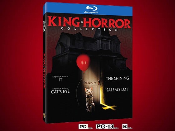 Win a King of Horror Collection Blu-ray worth $39.99. In horror, one name reigns supreme. Experience ultimate fear in one 4-film collection! Films include Salem’s Lot (1979), The Shining (1980), Stephen King’s Cat’s Eye (1985), and Stephen King’s It (1990).
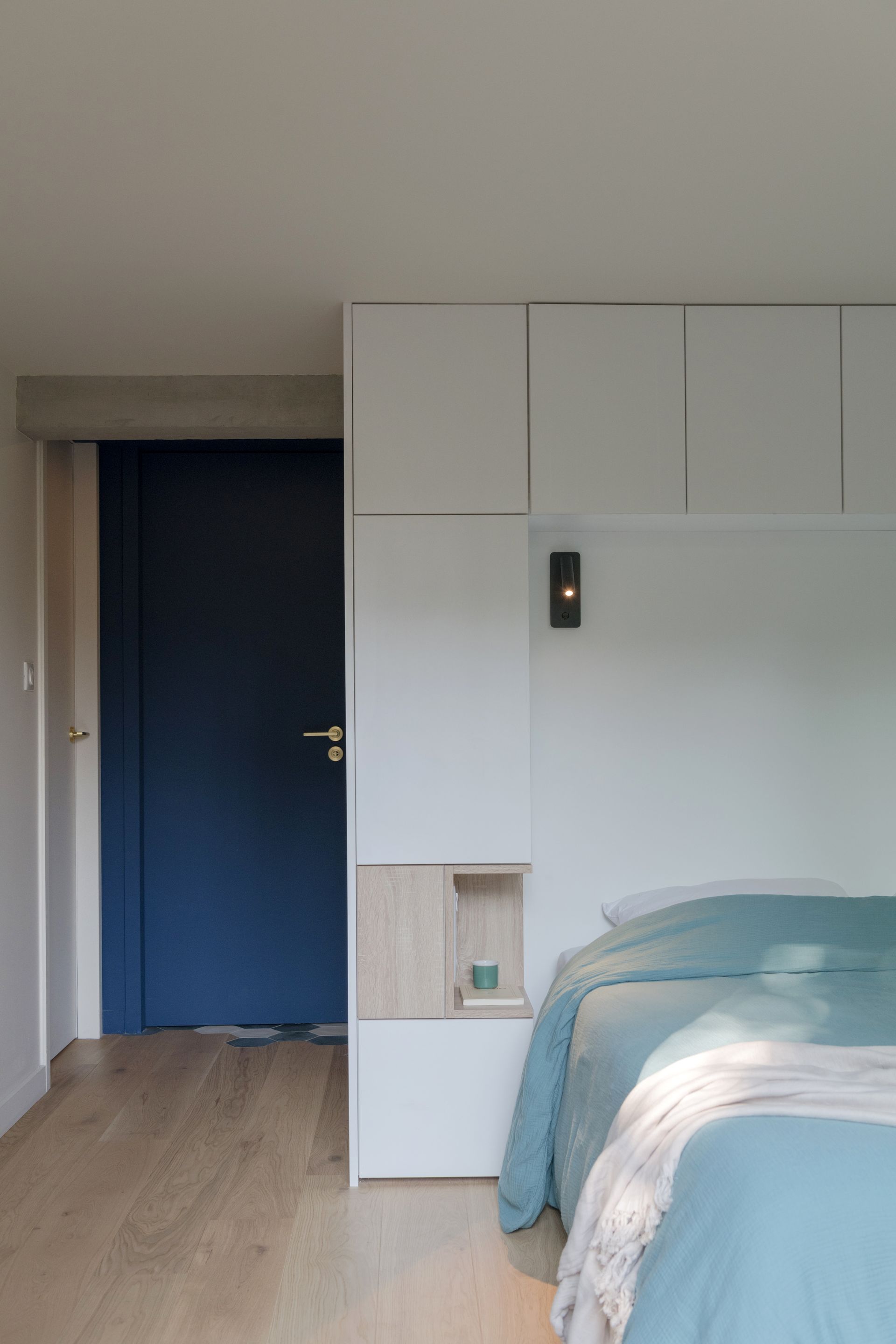 L’aménagement intègre de nombreux rangements sur mesure, conçus pour s’adapter précisément aux volumes existants. Dans la chambre, le dressing et les circulations, ces solutions personnalisées permettent d’optimiser l’espace, de fluidifier les usages et de conserver une lecture claire et ordonnée des volumes.
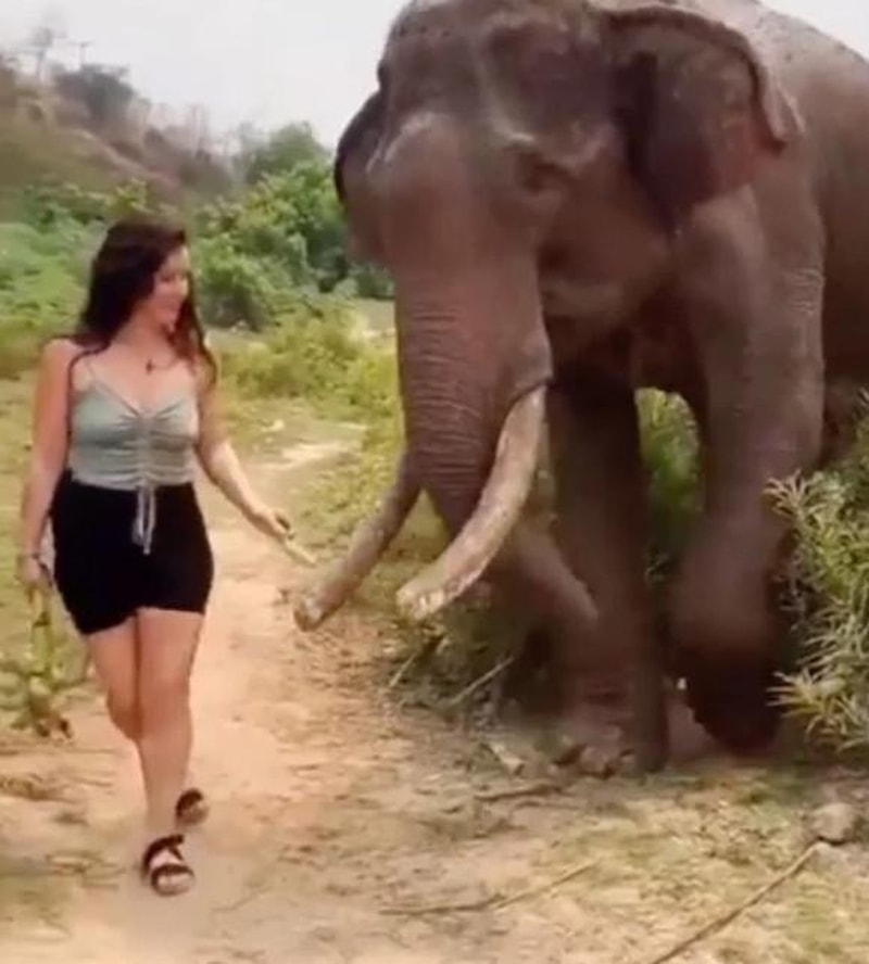 O sırada kadın geri doğru giderken fil de onu takip etti. Gülümseyen kadın, hiç beklemediği bir şekilde dev hayvanın saldırısına uğradı.
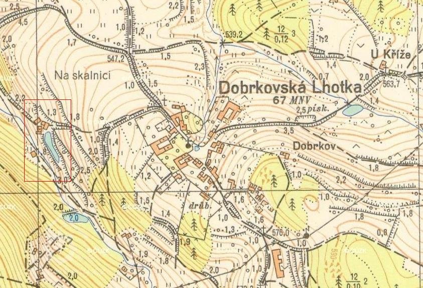 kaplička zezadu, stodola a mezník před mlýnem, via FB (edit PK), 3/2020, © Růžena Jakubíková, (Prvky na obrázku: drobné sakrální památky)

● ● ● ● ● ● ●

▶ Goal of the exercise: The lines from the one containing "O sırada kadın" through the last line above are to be repeated exactly, and only those. Any pictures must be left out.

▶ Written response:
 O sırada kadın geri doğru giderken fil de onu takip etti. Gülümseyen kadın, hiç beklemediği bir şekilde dev hayvanın saldırısına uğradı.
 kaplička zezadu, stodola a mezník před mlýnem, via FB (edit PK), 3/2020, © Růžena Jakubíková, (Prvky na obrázku: drobné sakrální památky)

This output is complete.